**The records:**
———
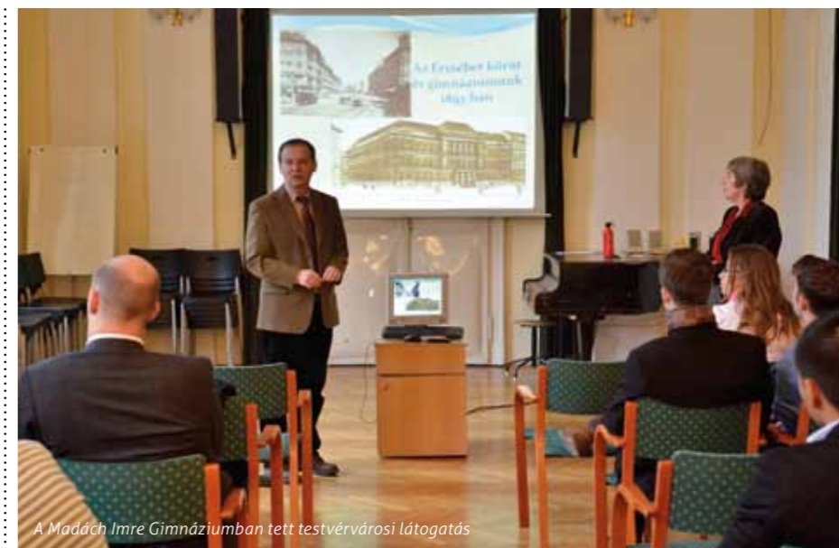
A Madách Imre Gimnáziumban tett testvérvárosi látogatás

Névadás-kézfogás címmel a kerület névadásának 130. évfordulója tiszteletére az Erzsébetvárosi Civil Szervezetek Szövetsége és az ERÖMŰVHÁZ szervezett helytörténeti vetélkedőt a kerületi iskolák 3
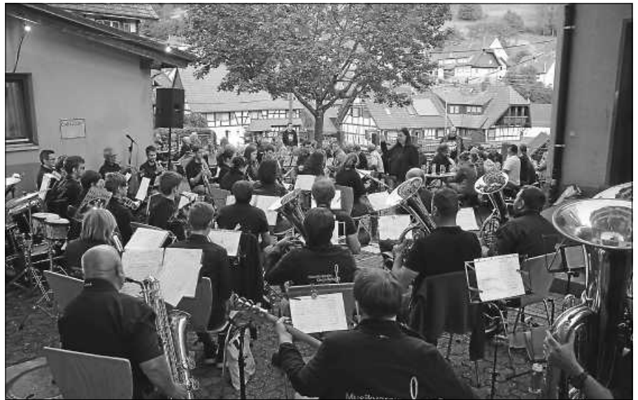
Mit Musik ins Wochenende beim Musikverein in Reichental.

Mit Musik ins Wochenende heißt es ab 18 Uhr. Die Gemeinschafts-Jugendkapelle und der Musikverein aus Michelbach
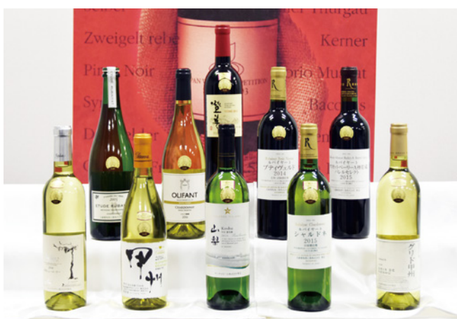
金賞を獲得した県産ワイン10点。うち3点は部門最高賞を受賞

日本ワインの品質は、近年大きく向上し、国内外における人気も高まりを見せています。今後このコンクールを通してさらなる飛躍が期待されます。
———
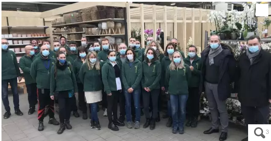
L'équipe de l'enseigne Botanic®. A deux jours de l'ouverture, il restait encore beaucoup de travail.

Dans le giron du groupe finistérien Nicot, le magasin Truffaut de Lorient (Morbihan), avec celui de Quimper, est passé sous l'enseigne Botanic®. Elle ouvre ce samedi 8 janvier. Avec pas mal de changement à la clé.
———
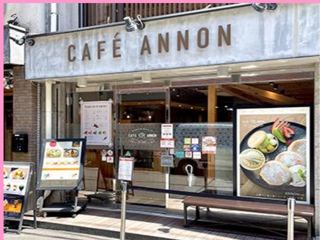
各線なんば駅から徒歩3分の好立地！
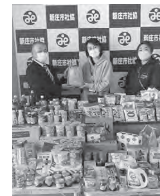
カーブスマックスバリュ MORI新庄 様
———
**Task directions:**
The stretch above running from the line with "Névadás-kézfogás címmel a" through the line with "日本ワインの品質は、近年大き" is all you should copy, exactly, leaving out the pictures.

**Solution to this exercise:**
Névadás-kézfogás címmel a kerület névadásának 130. évfordulója tiszteletére az Erzsébetvárosi Civil Szervezetek Szövetsége és az ERÖMŰVHÁZ szervezett helytörténeti vetélkedőt a kerületi iskolák 3
Mit Musik ins Wochenende beim Musikverein in Reichental.

Mit Musik ins Wochenende heißt es ab 18 Uhr. Die Gemeinschafts-Jugendkapelle und der Musikverein aus Michelbach
金賞を獲得した県産ワイン10点。うち3点は部門最高賞を受賞

日本ワインの品質は、近年大きく向上し、国内外における人気も高まりを見せています。今後このコンクールを通してさらなる飛躍が期待されます。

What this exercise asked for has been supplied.